Why we started the study.
HRAS, NRAS and KRAS have been a focus of cancer biologists for more than 40 years because they are the most frequently mutated oncogenes in cancer. Around 20% of human cancers harbor mutations in these genes. The interest in RAS genes has recently intensified as attempts to directly target their gene products with drugs have finally born fruit. The three RAS genes code for four proteins: KRAS4B and KRAS4A, generated by the alternative usage of the last two coding exons of the KRAS gene, HRAS, and NRAS. Until recently, KRAS4A has been considered less relevant in cancer than KRAS4B because of its relatively low expression. However, recent findings by Philip Lab and others have shown specific molecular interactions and equal expression of KRAS4B and KRAS4A in colorectal tumours [1-4]. Importantly, KRAS4A, but not KRAS4B, has been found to directly regulate hexokinase 1 on the outer mitochondrial membrane, an interaction that uncovered a unique metabolic vulnerability in tumors expressing relatively high levels of oncogenic KRAS4A, which could have therapeutic potential [2, 5]. These observations led Mark to be interested in the evolutionarily origins of KRAS4A.
The products of the RAS genes, also known as classical or canonical RAS proteins, consist of two functionally distinct regions: catalytic GTP/GDP binding domains (G-domains) with a highly conserved structure that act as binary molecular switches, and an unstructured C-terminal hypervariable region (HVR) of 22-23 residues that anchor the GTPases to cellular membranes by using different combinations of membrane targeting motifs (Fig. 1). Evolutionarily, HRAS, NRAS, and KRAS genes form a branch in the tree of the RAS family of small GTPases, which in humans comprise 40 members [6, 7]. The RAS family itself is a subset of a much larger group of evolutionarily related small GTPases known as the RAS Superfamily.
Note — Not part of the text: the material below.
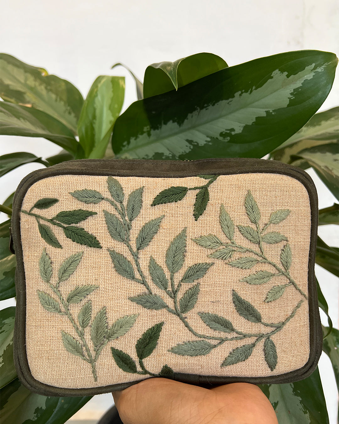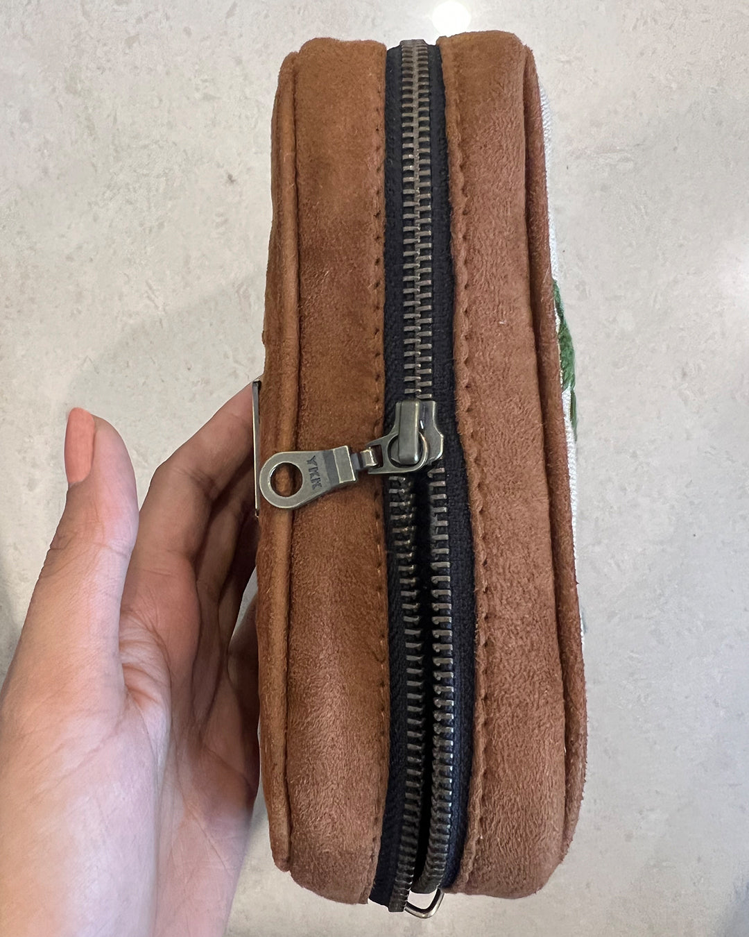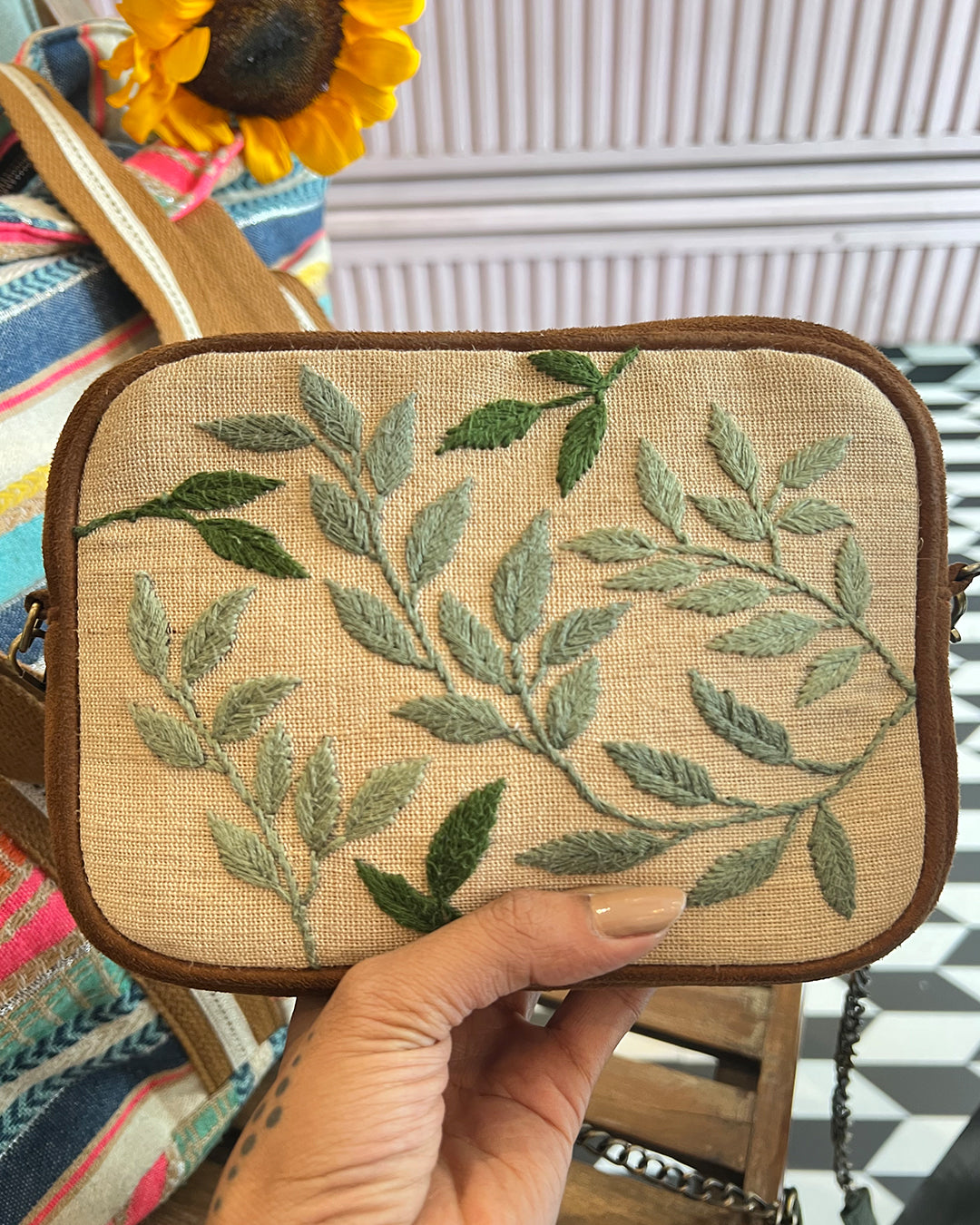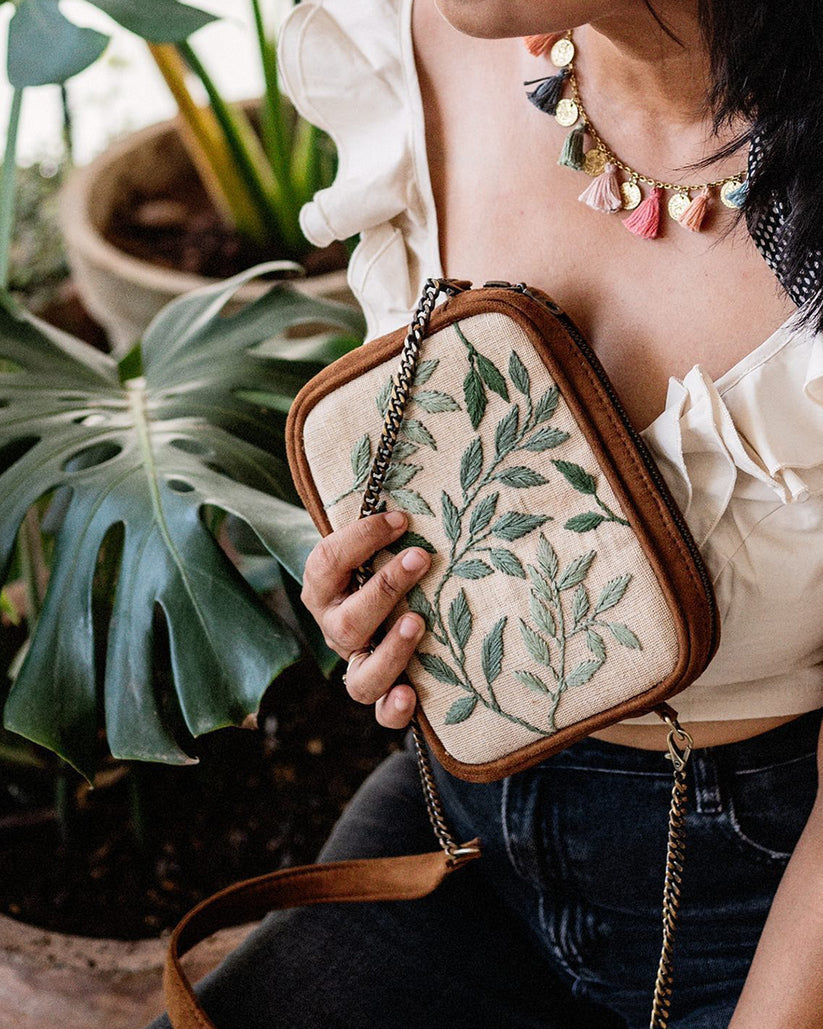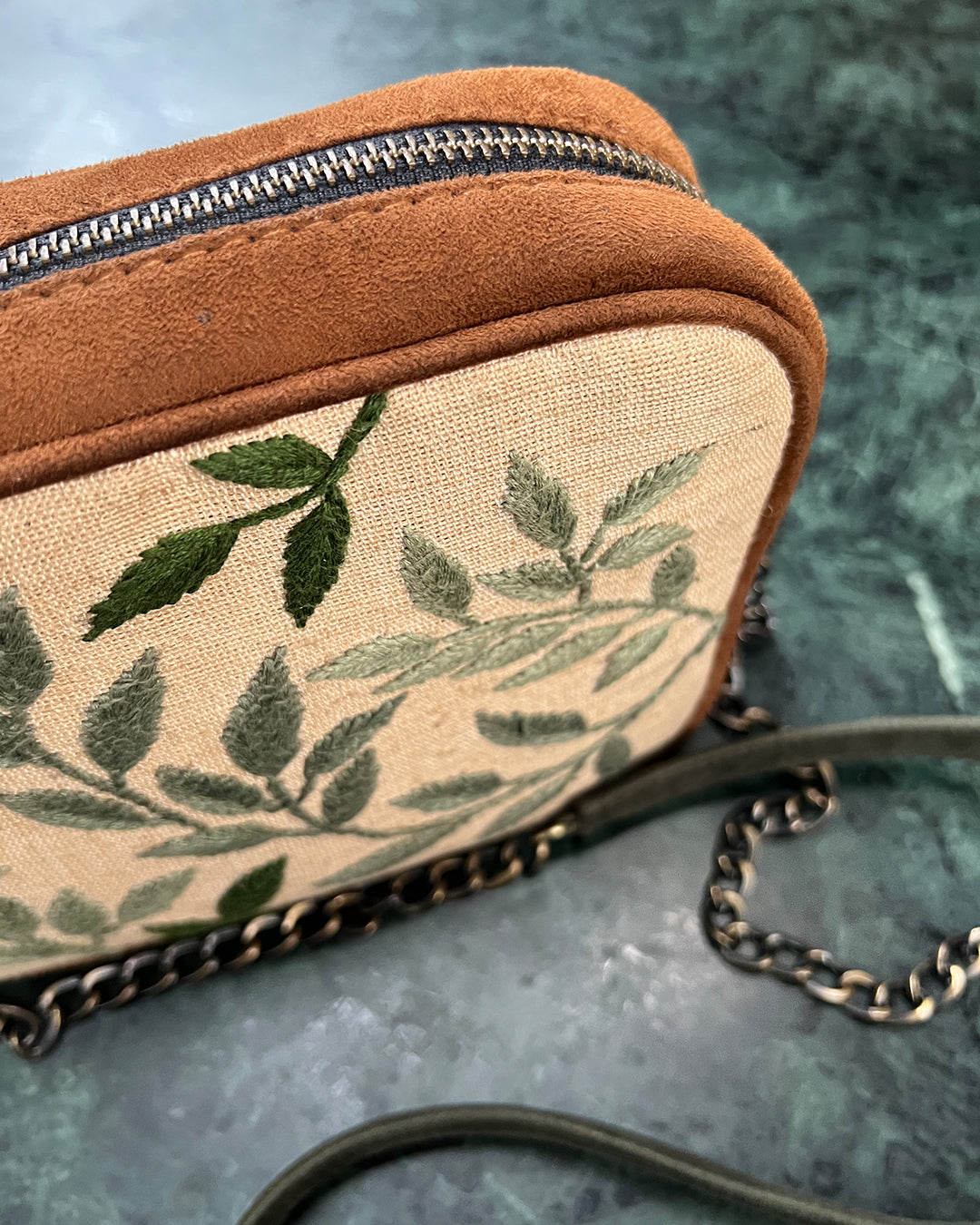 Leafy embroidery on vegan suede body comes in a compact size, perfect for everyday use. It has an attachable shoulder strap and loops at the back for you to use it as a belt bag.

Although, the broad evolutionary history of the RAS superfamily has been the subject of several studies, some aspects of the evolution of the canonical RAS proteins (HRAS, NRAS, KRAS4B, and KRAS4A) have not been fully addressed, such us the diversification of the RAS genes, the origin of the HVR sequences, and the generation of the KRAS4A splice variant.
Fig. 1. Canonical RAS proteins have specific combinations of membrane targeting motifs in their hypervariable regions (HVRs). The ubiquitous C-terminal CaaX motif (dotted line) is shown with its cysteine (yellow) modified with a farnesyl lipid (green). The other HVR cysteines are shown modified with palmitate (red). The strong polybasic domain (PBD) of KRAS4B is shown with lysines in blue with an intervening serine 181 starred to indicate the phosphorylation site. Polybasic region 1 (PBR1) is shared by HRAS, NRAS and KRAS4A. Polybasic region 2 (PBR2) is unique to KRAS4A. A neutralized basic motif (NB) is boxed in KRAS4B.
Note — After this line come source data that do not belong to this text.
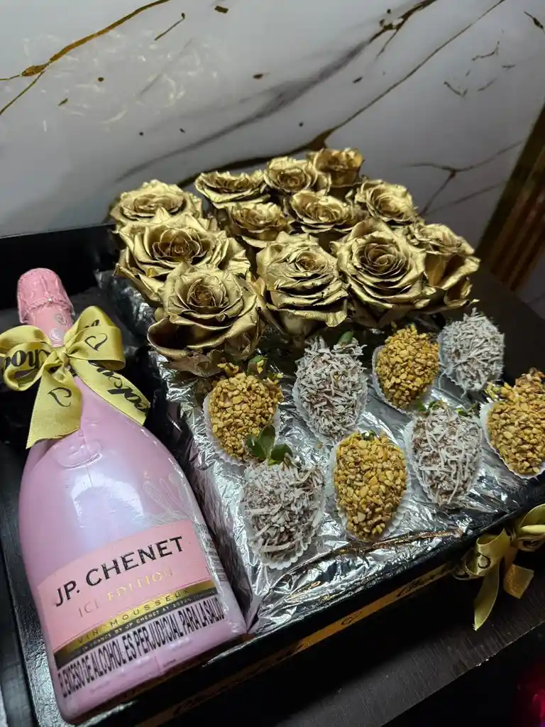 Hermosas rosas en tono dorado, símbolo de elegancia y distinción, Fresas cubiertas de chocolate, decoradas con coco y crocante de maní ,JP. Chenet Ice Edition, vino espumoso francés perfecto para celebrar momentos especiales.
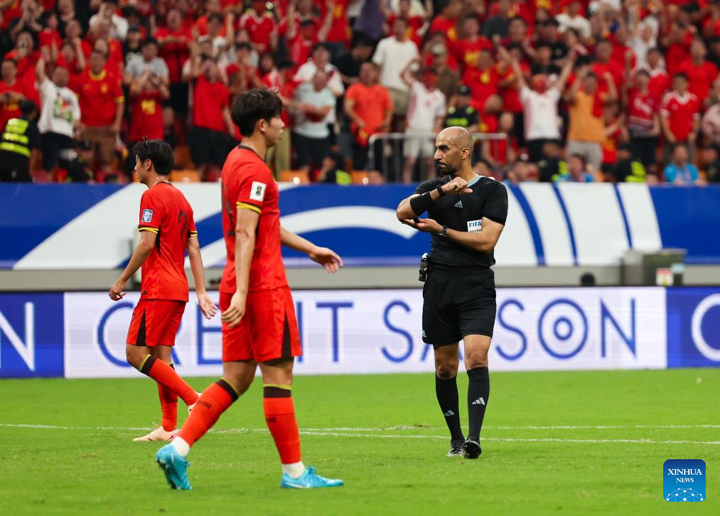 Referee Adel Ali Alnaqbi (R) gestures for a handball during the 2026 FIFA World Cup Asian Qualifiers Group C match between China and Bahrain in Chongqing, southwest China, June 10, 2025. (Xinhua/Hu Xingyu)
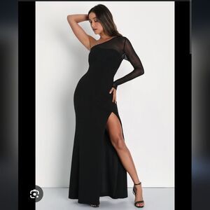 Lulus Keep it Interesting One Shoulder Maxi Dress in Black Size S
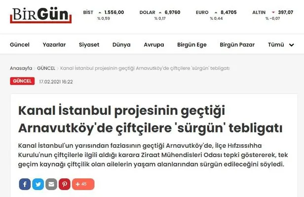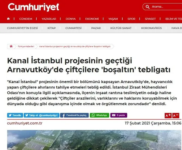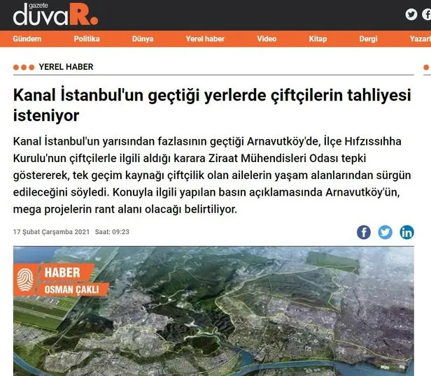 CHP yanlısı haberleriyle bilinen FOX, Birgün, Cumhuriyet, Duvar ve Tele1 gibi medya organları yine asılsız iddialarla algı yaratma peşine düştü. Arnavutköy Kaymakamlığı, söz konusu medya organlarının gündeme getirdiği “Kanal İstanbul’un geçtiği yerlerde çiftçilerin tahliyesi isteniyor” şeklindeki haberlerin gerçeği yansıtmadığını açıkladı.
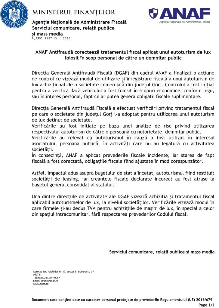 În urma verificărilor, ANAF a stabilit că autoturismul a fost utilizat pentru scopuri personale, nu în activitatea economică a firmei, iar tratamentul fiscal aplicat a fost corectat, ajustându-se obligațiile către bugetul de stat pentru creanțele declarate incorect.

We first compiled representative RAS proteins from key major groups of eukaryotes extending over 1000 million of years (MY) of evolutionary distance, from single celled amoebozoans to mammals. When we began the study newly sequenced genomes of lower vertebrates such as jawless fishes like lampreys and hagfish were available to pinpoint the diversification of the RAS genes. We analysed the similarities and characteristics of the protein and DNA sequences, the gene structures (exon/intron patterns), and the evolutionary conservation of neighbourhood genes (synteny).
Fig. 2. Simplified phylogenetic tree of eukaryotic organisms with the protein alignment of the HVR regions (bracket). Membrane targeting motifs are depicted as in in Fig 1.
What we found.
We found the presence of HRAS, NRAS, KRAS4B and KRAS4A, in all vertebrates except the most basal jawless fishes (lampreys and hagfish) that only have HRAS and KRAS4B (Fig. 2). In addition, all vertebrates except mammals, birds, and jawless fishes, have an additional, previously unrecognized RAS GTPase we have designated KRAS4B-like (KRASBL) because its high similarity with KRAS4B. In contrast to vertebrates, with very few exceptions we found only one RAS protein-related sequence in invertebrates, fungi and single celled eukaryotic organisms.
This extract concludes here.